Have to disagree with those who provided the last/chart table.... simply not true. Stocks consistently outperform inflation or at least keep up with it over last 90 years - over a long term, they have short drawdowns. Gold is declining and is not keeping up with inflation over a long term. (inflation in USD), except during relatively short runs up in price.
I'd be very careful about anyone making statements such as "In Gold we trust" aka affiliated/in business of precious metals sales or simply trying to prop up the asset they bought during previous high and suffered real losses on. These particular people disclaim about their numerous affiliations with gold-related businesses/conflict of interest.

Tax rate is also a factor in performance against inflation, and US max fixed long-term capital gains tax rate of 28% applied to precious metals is a serious factor - one can have much lower rate on other investments, in fact can have 0% rate if they have moderate total income.

As to Safedean, he starts off saying all the right things but then goes into pretty scammy-sounding pitch: "Only with bitcoin can you plan for the future. Only with bitcoin can you repel the fiat vampires draining your lifeblood. ".

Mark Moss responded to him:
The tragedy is the lost opportunity costs from all these entrepreneurs who should be "specializing" in being the best brain surgeon or solving another big problem, but instead can only use half of their focus because the other half has to be on investing to beat inflation
Expressionless face
- actually, all these 'brain surgeons'' 401K did quite well and kept up with inflation in 2020 so far, and they hardly spent any time managing them.

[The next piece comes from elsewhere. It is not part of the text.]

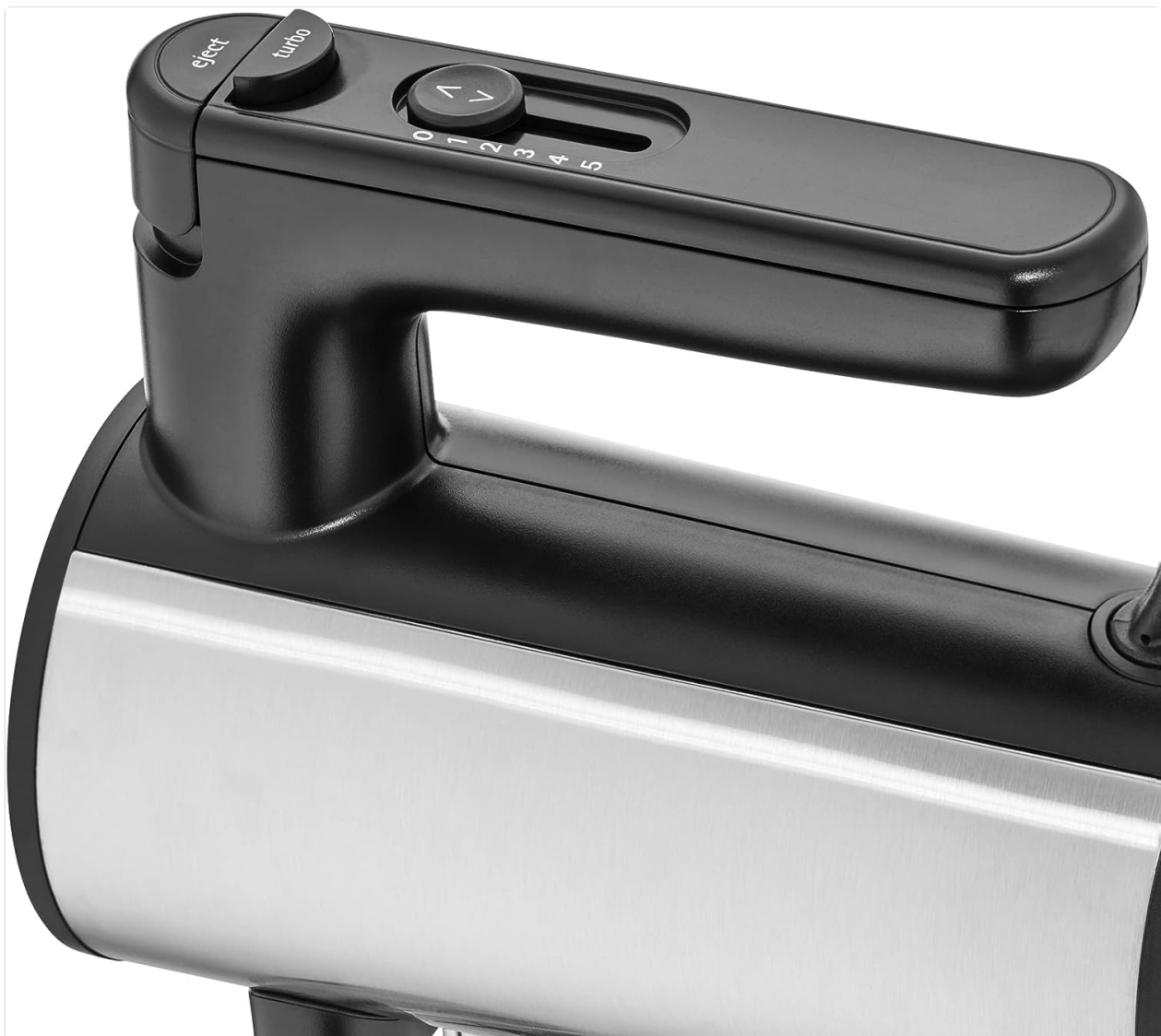
Image: Top view of the hand mixer, highlighting the speed control slider, turbo button, and eject button for easy identification.

These "death of fiat" proclamations just can not be serious... Inflation is nothing new, and panic brings all kinds of scammers out of the woodwork. Nothing new, business as usual, US had high inflation in the 70s and survived just fine, same about other countries that have/had much worse inflation. Inflation spikes/money devaluation actually existed before fiat, during gold/silver money times, due to mass gold importation. The governments can put the foot down any time, ban crypto, and gone overnight will be high BTC valuations, one can just secretly trade zillion of crapcoins then (or play online poker). Ponzi schemes and all kinds of "safe haven" pushers always flourish during increased inflation times, nothing new here too. They really hate the word diversification, and every one of them has the one and only solution.

As to destroying the system and fiat...as evil as the system is, it'll outlive anyone betting against it now, I'm pretty sure of that one. They just locked up entire world population in pens, put dog muzzles on them and injecting them with unkown poisons (there will be no traveling between countries soon without poison injection, most likely)...these folks are a lot more than a one trick pony and will deal with anything that threatens their system. Means if crypto starts to pose a real treat (rather than being online trading game and potential tax-producing cow that it is now), they'll deal with it overnight.

It really boils down to: what percent of their savings one can invest into risky/very volatile speculative assets, with understanding they might need to exit that timely. Generally 1-3%, I believe, same as day trading risk management rule.